Return the full set of records, matching them character for character.

§ **Records from a collection**:

• • • • • • •

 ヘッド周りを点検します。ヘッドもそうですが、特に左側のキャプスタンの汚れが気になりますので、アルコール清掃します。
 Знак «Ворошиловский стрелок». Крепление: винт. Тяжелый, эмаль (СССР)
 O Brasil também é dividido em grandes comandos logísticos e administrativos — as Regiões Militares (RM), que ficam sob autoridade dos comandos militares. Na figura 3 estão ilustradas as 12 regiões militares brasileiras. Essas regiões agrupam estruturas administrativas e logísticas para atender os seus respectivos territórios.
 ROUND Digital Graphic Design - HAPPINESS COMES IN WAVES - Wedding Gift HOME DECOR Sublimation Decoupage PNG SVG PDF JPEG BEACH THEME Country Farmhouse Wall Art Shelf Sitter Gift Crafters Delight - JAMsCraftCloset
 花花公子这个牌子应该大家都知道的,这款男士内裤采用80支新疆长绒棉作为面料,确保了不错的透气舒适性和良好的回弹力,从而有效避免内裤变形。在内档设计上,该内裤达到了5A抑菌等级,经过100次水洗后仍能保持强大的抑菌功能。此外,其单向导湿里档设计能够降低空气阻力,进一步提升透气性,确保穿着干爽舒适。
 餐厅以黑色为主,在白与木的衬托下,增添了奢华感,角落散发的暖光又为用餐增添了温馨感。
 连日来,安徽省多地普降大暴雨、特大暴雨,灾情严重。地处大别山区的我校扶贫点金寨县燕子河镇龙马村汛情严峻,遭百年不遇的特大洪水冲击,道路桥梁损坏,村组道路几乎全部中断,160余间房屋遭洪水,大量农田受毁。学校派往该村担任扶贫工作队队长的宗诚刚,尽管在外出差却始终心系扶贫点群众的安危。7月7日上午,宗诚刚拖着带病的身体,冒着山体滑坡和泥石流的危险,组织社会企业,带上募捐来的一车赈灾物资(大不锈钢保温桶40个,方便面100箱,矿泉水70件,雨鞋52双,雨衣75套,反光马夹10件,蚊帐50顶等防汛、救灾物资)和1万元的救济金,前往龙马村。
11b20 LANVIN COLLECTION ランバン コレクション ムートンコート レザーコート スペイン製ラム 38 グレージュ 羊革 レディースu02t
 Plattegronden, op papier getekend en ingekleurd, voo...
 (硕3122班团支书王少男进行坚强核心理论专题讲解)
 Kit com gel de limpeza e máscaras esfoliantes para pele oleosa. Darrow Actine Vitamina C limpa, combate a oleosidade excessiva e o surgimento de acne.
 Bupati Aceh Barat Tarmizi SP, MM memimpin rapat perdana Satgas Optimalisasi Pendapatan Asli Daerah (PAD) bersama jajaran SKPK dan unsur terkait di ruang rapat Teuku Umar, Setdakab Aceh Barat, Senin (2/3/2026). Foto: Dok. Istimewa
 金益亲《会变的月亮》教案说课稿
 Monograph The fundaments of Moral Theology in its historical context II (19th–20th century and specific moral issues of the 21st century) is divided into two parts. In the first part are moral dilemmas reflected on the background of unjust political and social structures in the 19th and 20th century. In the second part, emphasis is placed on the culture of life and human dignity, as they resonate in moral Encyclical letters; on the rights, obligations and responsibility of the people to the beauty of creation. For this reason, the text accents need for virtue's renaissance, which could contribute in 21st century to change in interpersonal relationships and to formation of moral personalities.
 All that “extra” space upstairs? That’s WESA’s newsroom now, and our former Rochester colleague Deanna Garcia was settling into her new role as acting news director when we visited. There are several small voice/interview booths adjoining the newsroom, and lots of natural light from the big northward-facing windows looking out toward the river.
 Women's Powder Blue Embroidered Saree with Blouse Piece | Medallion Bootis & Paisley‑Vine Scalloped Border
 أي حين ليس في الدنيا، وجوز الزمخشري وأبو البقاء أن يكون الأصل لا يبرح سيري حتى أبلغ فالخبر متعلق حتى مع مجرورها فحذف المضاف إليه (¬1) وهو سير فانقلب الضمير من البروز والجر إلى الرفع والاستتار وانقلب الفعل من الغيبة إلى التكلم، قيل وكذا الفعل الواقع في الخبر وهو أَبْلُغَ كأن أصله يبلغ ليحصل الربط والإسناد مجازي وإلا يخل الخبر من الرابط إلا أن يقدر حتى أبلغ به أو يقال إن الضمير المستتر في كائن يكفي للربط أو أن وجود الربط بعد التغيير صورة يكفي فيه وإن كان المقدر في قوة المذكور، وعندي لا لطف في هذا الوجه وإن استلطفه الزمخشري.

• • • • • • •

§ **OUTPUT OF THE TASK**:
 ヘッド周りを点検します。ヘッドもそうですが、特に左側のキャプスタンの汚れが気になりますので、アルコール清掃します。
 Знак «Ворошиловский стрелок». Крепление: винт. Тяжелый, эмаль (СССР)
 O Brasil também é dividido em grandes comandos logísticos e administrativos — as Regiões Militares (RM), que ficam sob autoridade dos comandos militares. Na figura 3 estão ilustradas as 12 regiões militares brasileiras. Essas regiões agrupam estruturas administrativas e logísticas para atender os seus respectivos territórios.
 ROUND Digital Graphic Design - HAPPINESS COMES IN WAVES - Wedding Gift HOME DECOR Sublimation Decoupage PNG SVG PDF JPEG BEACH THEME Country Farmhouse Wall Art Shelf Sitter Gift Crafters Delight - JAMsCraftCloset
 花花公子这个牌子应该大家都知道的,这款男士内裤采用80支新疆长绒棉作为面料,确保了不错的透气舒适性和良好的回弹力,从而有效避免内裤变形。在内档设计上,该内裤达到了5A抑菌等级,经过100次水洗后仍能保持强大的抑菌功能。此外,其单向导湿里档设计能够降低空气阻力,进一步提升透气性,确保穿着干爽舒适。
 餐厅以黑色为主,在白与木的衬托下,增添了奢华感,角落散发的暖光又为用餐增添了温馨感。
 连日来,安徽省多地普降大暴雨、特大暴雨,灾情严重。地处大别山区的我校扶贫点金寨县燕子河镇龙马村汛情严峻,遭百年不遇的特大洪水冲击,道路桥梁损坏,村组道路几乎全部中断,160余间房屋遭洪水,大量农田受毁。学校派往该村担任扶贫工作队队长的宗诚刚,尽管在外出差却始终心系扶贫点群众的安危。7月7日上午,宗诚刚拖着带病的身体,冒着山体滑坡和泥石流的危险,组织社会企业,带上募捐来的一车赈灾物资(大不锈钢保温桶40个,方便面100箱,矿泉水70件,雨鞋52双,雨衣75套,反光马夹10件,蚊帐50顶等防汛、救灾物资)和1万元的救济金,前往龙马村。
11b20 LANVIN COLLECTION ランバン コレクション ムートンコート レザーコート スペイン製ラム 38 グレージュ 羊革 レディースu02t
 Plattegronden, op papier getekend en ingekleurd, voo...
 (硕3122班团支书王少男进行坚强核心理论专题讲解)
 Kit com gel de limpeza e máscaras esfoliantes para pele oleosa. Darrow Actine Vitamina C limpa, combate a oleosidade excessiva e o surgimento de acne.
 Bupati Aceh Barat Tarmizi SP, MM memimpin rapat perdana Satgas Optimalisasi Pendapatan Asli Daerah (PAD) bersama jajaran SKPK dan unsur terkait di ruang rapat Teuku Umar, Setdakab Aceh Barat, Senin (2/3/2026). Foto: Dok. Istimewa
 金益亲《会变的月亮》教案说课稿
 Monograph The fundaments of Moral Theology in its historical context II (19th–20th century and specific moral issues of the 21st century) is divided into two parts. In the first part are moral dilemmas reflected on the background of unjust political and social structures in the 19th and 20th century. In the second part, emphasis is placed on the culture of life and human dignity, as they resonate in moral Encyclical letters; on the rights, obligations and responsibility of the people to the beauty of creation. For this reason, the text accents need for virtue's renaissance, which could contribute in 21st century to change in interpersonal relationships and to formation of moral personalities.
 All that “extra” space upstairs? That’s WESA’s newsroom now, and our former Rochester colleague Deanna Garcia was settling into her new role as acting news director when we visited. There are several small voice/interview booths adjoining the newsroom, and lots of natural light from the big northward-facing windows looking out toward the river.
 Women's Powder Blue Embroidered Saree with Blouse Piece | Medallion Bootis & Paisley‑Vine Scalloped Border
 أي حين ليس في الدنيا، وجوز الزمخشري وأبو البقاء أن يكون الأصل لا يبرح سيري حتى أبلغ فالخبر متعلق حتى مع مجرورها فحذف المضاف إليه (¬1) وهو سير فانقلب الضمير من البروز والجر إلى الرفع والاستتار وانقلب الفعل من الغيبة إلى التكلم، قيل وكذا الفعل الواقع في الخبر وهو أَبْلُغَ كأن أصله يبلغ ليحصل الربط والإسناد مجازي وإلا يخل الخبر من الرابط إلا أن يقدر حتى أبلغ به أو يقال إن الضمير المستتر في كائن يكفي للربط أو أن وجود الربط بعد التغيير صورة يكفي فيه وإن كان المقدر في قوة المذكور، وعندي لا لطف في هذا الوجه وإن استلطفه الزمخشري.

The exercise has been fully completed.